Финал "Народ безмолвствует" появился, как известно, много позже окончания трагедии. Белинский, высмеявший тех, кто видел в "Борисе" тему совести, пенявший Татьяне за то, что не завела роман с Онегиным, как подобало бы передовой женщине, восторженно объявил народное безмолвие гласом "народной Немезиды", богини мщения (которое без новых рек крови уж наверно не обойдется, но разве жаль крови ради справедливости), - и тем положил начало советской трактовке. Но может быть, хоть мы, на своей шкуре испытавшие, что после этого бывает - после убийства, узурпации, террора, попущенных нами же, народом, - поймем смысл пушкинского финала.

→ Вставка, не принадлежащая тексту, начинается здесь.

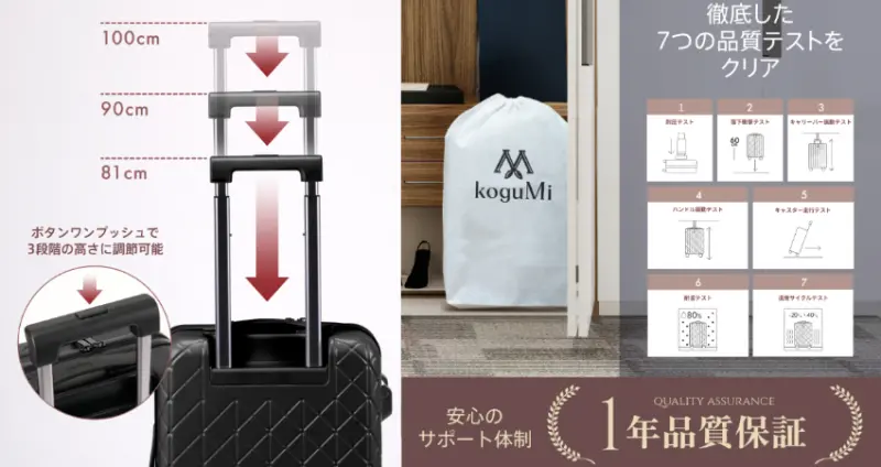 去日本一定要有一個好用的行李箱,不好用的行李箱不只不好拉,還裝不多。這次要介紹的行李箱 koguMi 不只外觀好看,在研發過程更邀請空姐參與,提供專業意見,拉高易用性。輕量化的設計也可以簡單放到飛機的行李架上,力氣較小的人用起來也不吃力。目前也有在亞馬遜上販售,要出國的,手刀先買起來!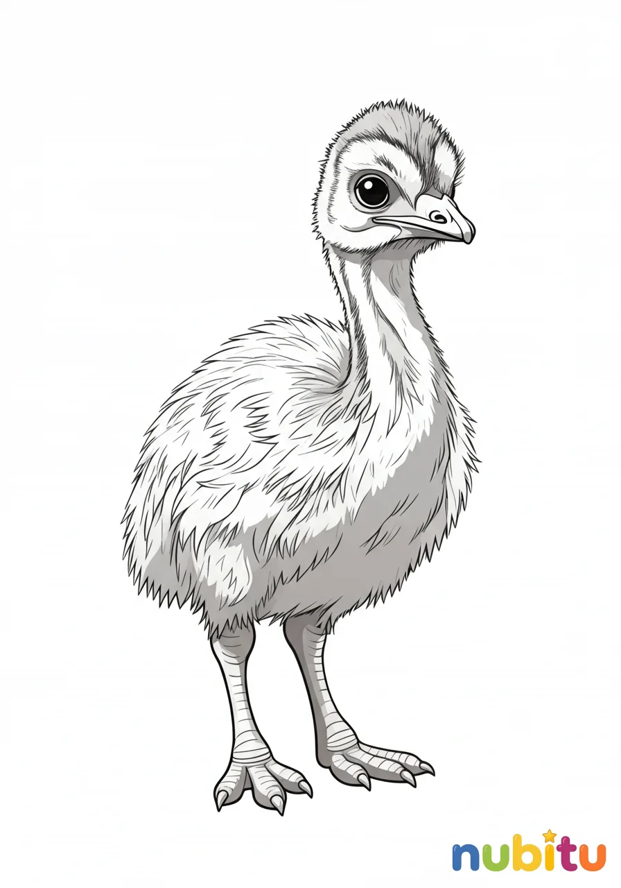 ¡Es un emú bebé! Es pequeño y tiene un plumaje suave. Imagina cómo será de mayor y píntalo con tus colores favoritos para que crezca muy feliz en el dibujo. ¡Qué dulce!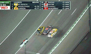 GIF via YouTube Sometimes going three-wide into a turn doesn’t work out. Tonight at Kansas had one of those times. Denny Hamlin...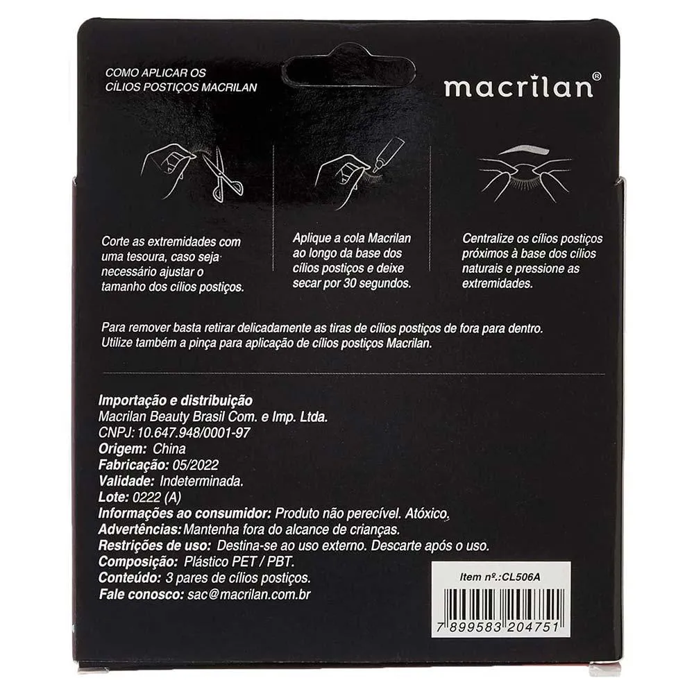 O que é e para que serve?Cílios Postiços Fios Longos e Cruzados CL506A com 3 pares da Macrilan especialmente desenvolvidos para preencher, realçar e dar volume aos cílios naturais com praticidade.
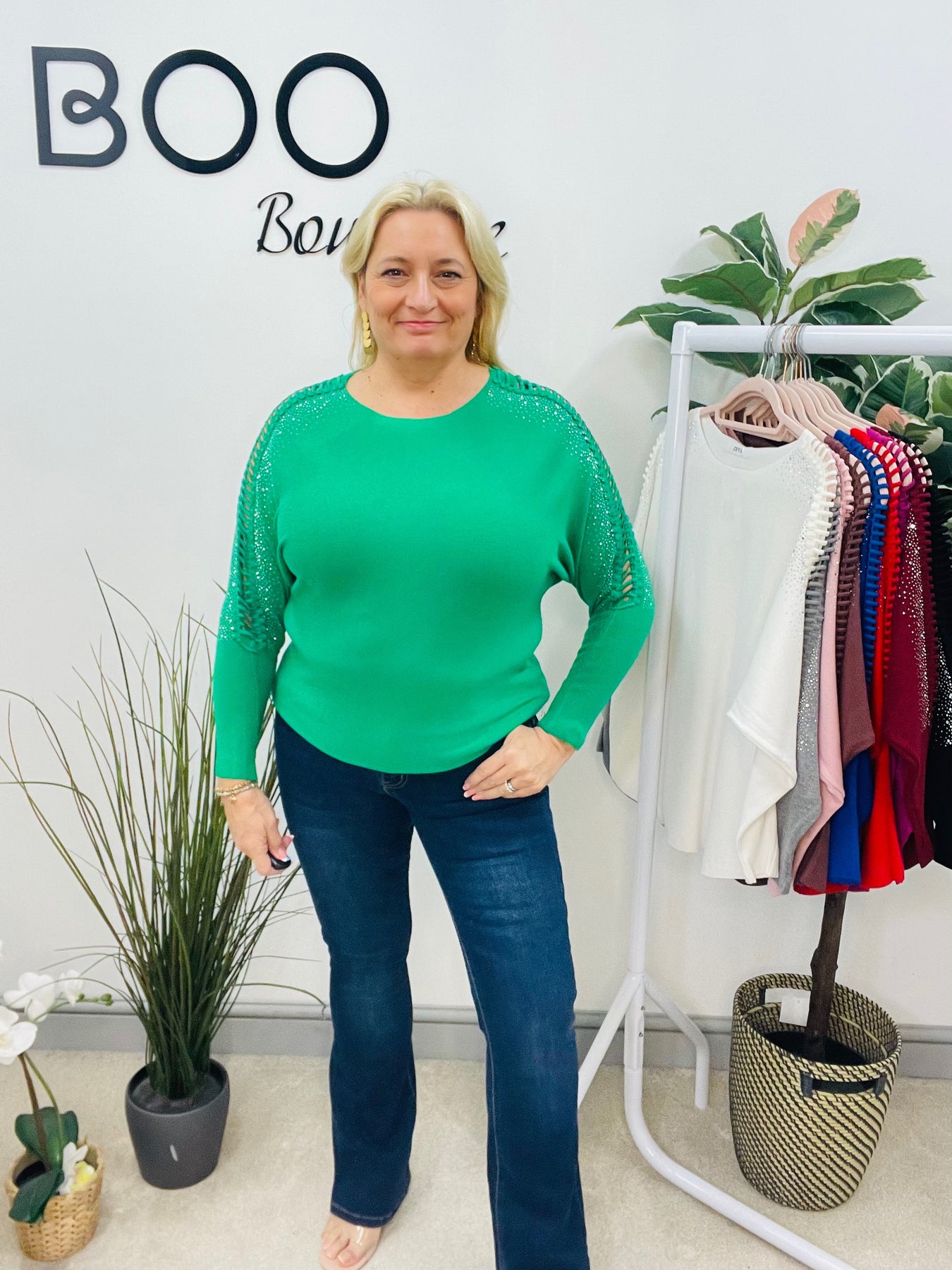 LADIES DIAMANTE BATWING JUMPER GREEN
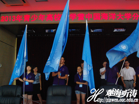 授旗仪式 本站讯 8月6日上午,2013年青少年高校科学营中国海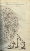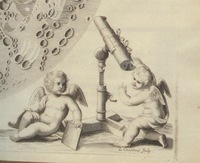 In lower left, a cherub holds a small refracting telescope. In lower right, another cherub views through a binocular telescope on stand.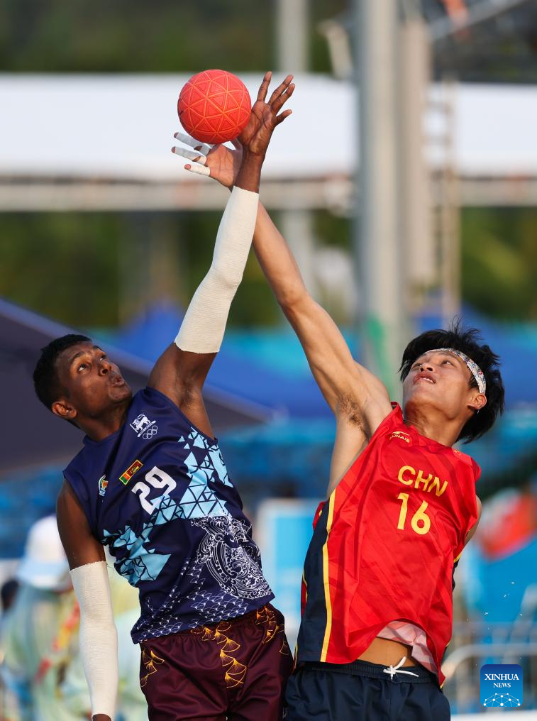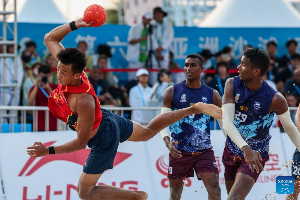 Anil Dasantha Hettigoda Hettigodage (C) of Sri Lanka competes during the beach handball men's preliminary round group A match between China and Sri Lanka at the 6th Asian Beach Games in Sanya, south China's Hainan Province, April 21, 2026. (Xinhua/Yang Guanyu)

Многие думают, что покаяние - это биение себя в грудь, посыпание себя пеплом и поливание грязью. Покаяние, в религиозном смысле, есть изменение сознания, "метанойя" по - гречески. Не это ли должно совершиться в финале трагедии? - но Пушкин опускает занавес, откладывая финал на какое - то будущее.

И "Пир во время чумы", уж разумеется, про нас. Это трагедия отступничества, трагедия попрания и извращения веры, всего, что свято, и - ко всему - трагедия об ответственности культуры, ее творцов и избранников; впрочем, об этом надо говорить отдельно (см. "Под небом голубым", "Поэт и толпа" - В.Н.).

* * *

Трагедия России - прежде всего духовная трагедия, и с нею связана печальная судьба "советского" Пушкина.Коренной предпосылкой катастрофы было условие не политического или экономического характера; предпосылкой было безбожие отступничество, попрание веры, искоренение памяти о священных основах бытия - все то, чем полон мир в изображении Пушкина. И результате социальные и иные стихии взбесились - как Нева, как Чума, - произведя и продолжая производить неслыханное духовное опустошение, которого жертвами - но и достойными наследниками - мы сегодня являемся.Однако свято место пусто не бывает, "духовную жажду" не отменить никакой системе, никакому режиму. Если официальная идеология вместо Святой Троицы учредила свою - с большим бородатым Марксом в роли "бога - отца", то в утесненном и изуродованном культурном сознании под "духовностью" стала пониматься прежде всего... любовь к искусству ("духовная жизнь" трудового коллектива - совместные походы, скажем, в театр; а у интеллигента - посещение, предположим, консерватории); место же высшего "духовного" авторитета занял - в силу очевидного своего помазанничества - Пушкин, отсеченный от своих духовных корней, перетолковываемый в духе религии человекобожества - марксистском, потом "либеральном", потом диссидентском и так далее.Христианская вера исключает поклонение человеку, даже такому, как Пушкин. Можно благоговеть перед гением, даром Божьим, который не заслуга того, кому он вручен; перед личным подвигом обладателя, достойно несущего такую ношу. Но ведь это совсем другое. Ни у кого из нас, будь он хоть трижды гений, нет права на поклонение со стороны других. Гений - это такое право, которое все состоит из обязанностей.Много говорят о правах человека. Не боюсь сказать: слишком много. Забывается одна тонкость.Есть книга, которую Пушкин дерзнул сравнить с Евангелием; это христианское сочинение, и оно называется "Об обязанностях человека". Не будем обсуждать, можно ли что - нибудь сравнивать с Евангелием, но таково уж было впечатление Пушкина; думаю, его поразила, помимо прочего, сама постановка вопроса: не права человека, но - обязанности его. Это - изменение точки отсчета, другая антропология.Права человека - категория социальная и юридическая, то есть по отношению к человеку внешняя. Права человеку обеспечиваются извне его, в наружных условиях его существования. Это категория цивилизации.